Interessant, wie du darauf kommst, ich würde SARS-COV-2 und die daraus resultierende Erkrankung COVID-19 für harmlos halten. Das habe ich nämlich mit keinem Wort erwähnt und auch nicht angedeutet.
Mir geht es eher darum, die Absurdität aufzuzeigen und vielleicht ein wenig die Hysterie zu deckeln. Fakt ist, wir leben seit Ewigkeiten mit Viren und daraus resultierenden Erkrankungen, die - wenn auch aufgrund abweichender Charakteristika - ebenso gefährlich sind, aber seltsamerweise keine saisonale Panik auslösen, obwohl sie TROTZ ihrer Bekanntheit nach jetzigem Stand deutlich mehr Opfer fordern.

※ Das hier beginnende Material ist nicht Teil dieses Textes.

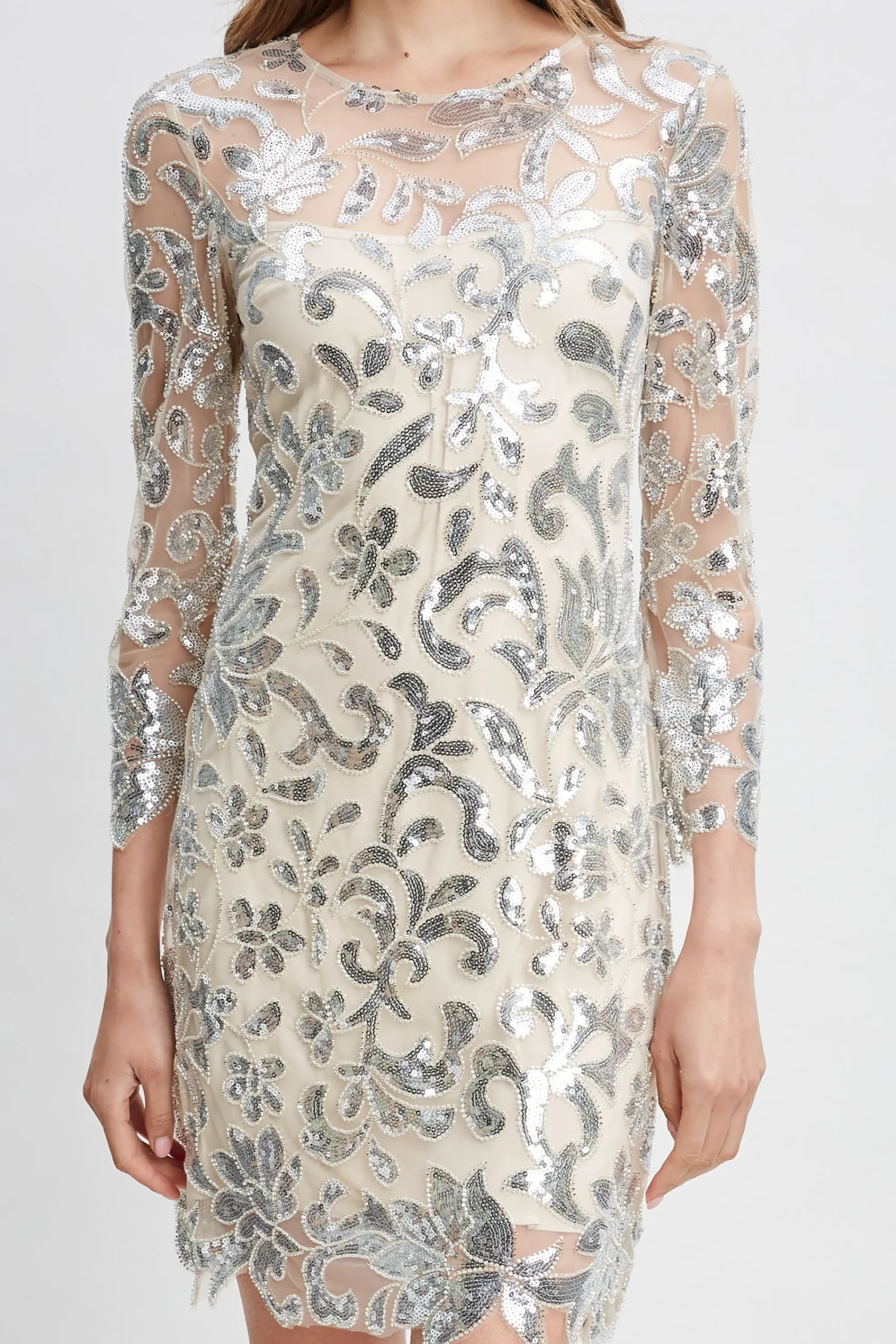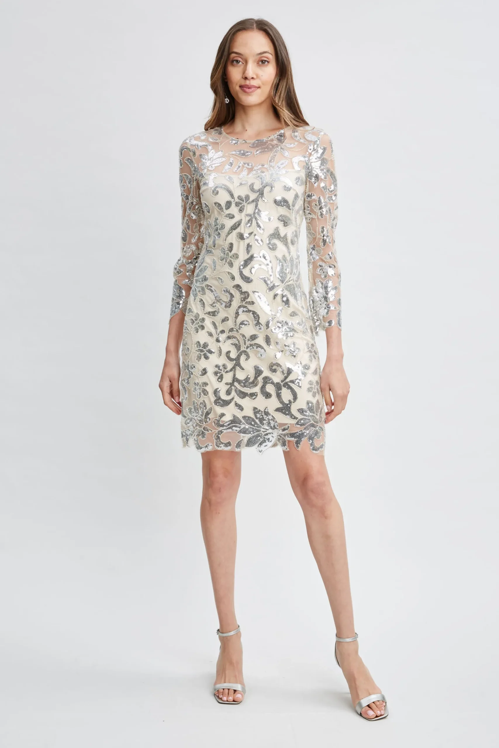 Elie Tahari Dresses & Jumpsuits-Floral Sequin Long Sleeve Dress
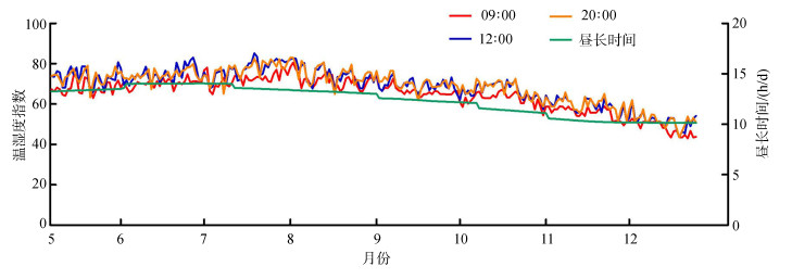 | 图 1 豚鹿圈舍温湿度指数和昼长时间 Fig. 1 The trend of temperature-humidity index in breeding houses of Axis porcinus and daylength |
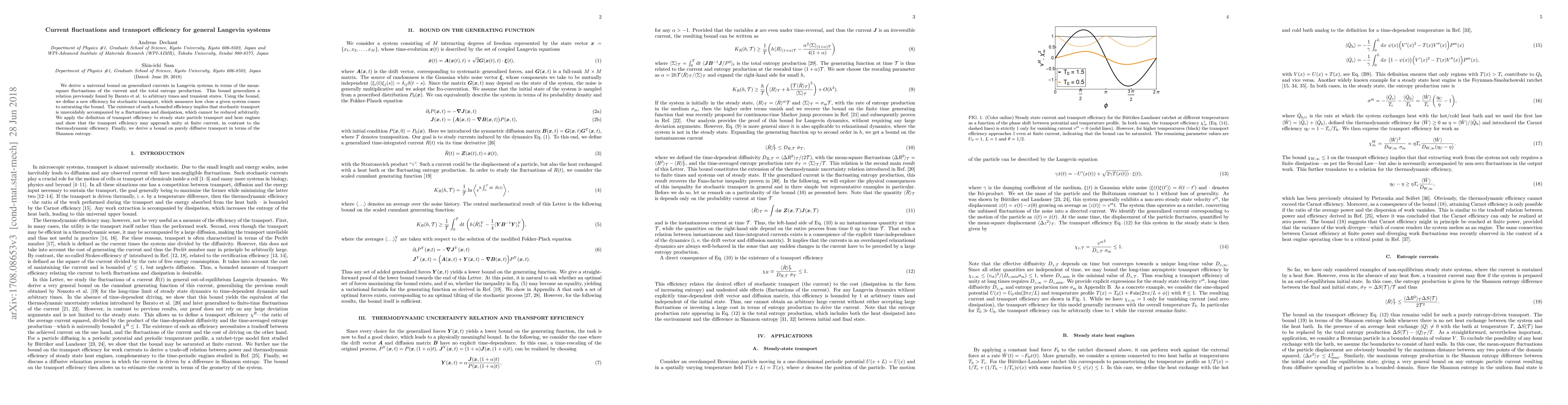 We derive a universal bound on generalized currents in Langevin systems in terms of the mean-square fluctuations of the current and the total entropy production. This bound generalizes a relation previously found by Barato et al. to arbitrary times and transient states. Using the bound, we define a new efficiency for stochastic transport, which measures how close a given system comes to saturating the bound. The existence of such a bounded efficiency implies that stochastic transport is unavoidably accompanied by a fluctuations and dissipation, which cannot be reduced arbitrarily. We apply the definition of transport efficiency to steady state particle transport and heat engines and show that the transport efficiency may approach unity at finite current, in contrast to the thermodynamic efficiency. Finally, we derive a bound on purely diffusive transport in terms of the Shannon entropy.
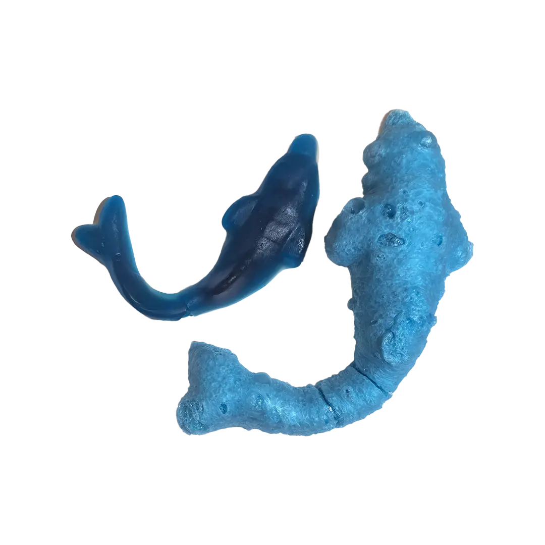 O Glitchphin XXL é um golfinho de goma gigante que passou por um colapso temporal de liofilização. O resultado? Uma freeze dry candy mutante, crocante, surreal e absolutamente fora do normal.
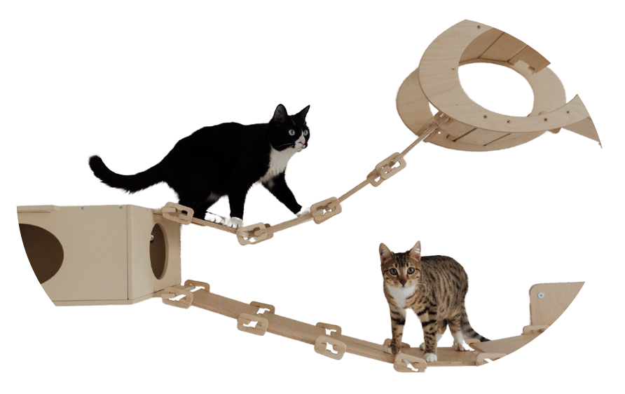 Ce type de parcours est enrichi avec des étagères, des cordes, des griffoirs, vous pouvez même insérer des tunnels avec un jeu à l'intérieur.
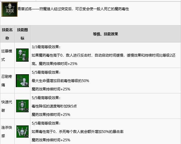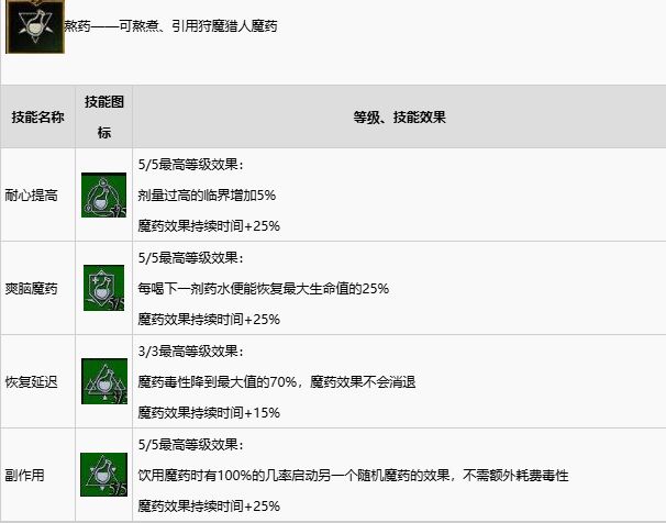 《巫师3:狂猎》这款游戏给了玩家很多很多选择,分别有炼金流、法印流以及剑术流供玩家选择,下面就为大家带来巫师3的炼金流的技能一览,包括技能效果以及习得等级,希望对各位玩家有所帮助。
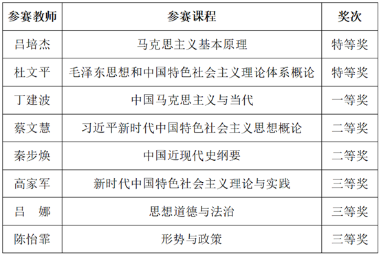 近日,由中共河南省委宣傳部、中共河南省委教育工委、河南省教育廳主辦的2024年度全省學校思想政治理論課教學技能“大比武”評審結果揭曉,馬克思主義學院8名教師參賽,獲特等獎2項,一等獎1項,二等獎2項,三等獎3項。

Und wenn du daraus etwas herauslesen willst, dann meinen (übrigens in meinen ersten Beiträgen hier unchiffriert und unverkaspert geäußerten) Appell, gefälligst mit allen vergleichbaren Infektionen in angemessener Weise umzugehen. Und diese angemessene Weise liegt - beispielsweise - ziemlich mittig zwischen der allgemeinen Sorglosigkeit bei Influenza und der gerade überbordenden Panik bei Covid-19.
Btw es werden dieses Jahr mehr an Covid-19 erkranken als an Grippe...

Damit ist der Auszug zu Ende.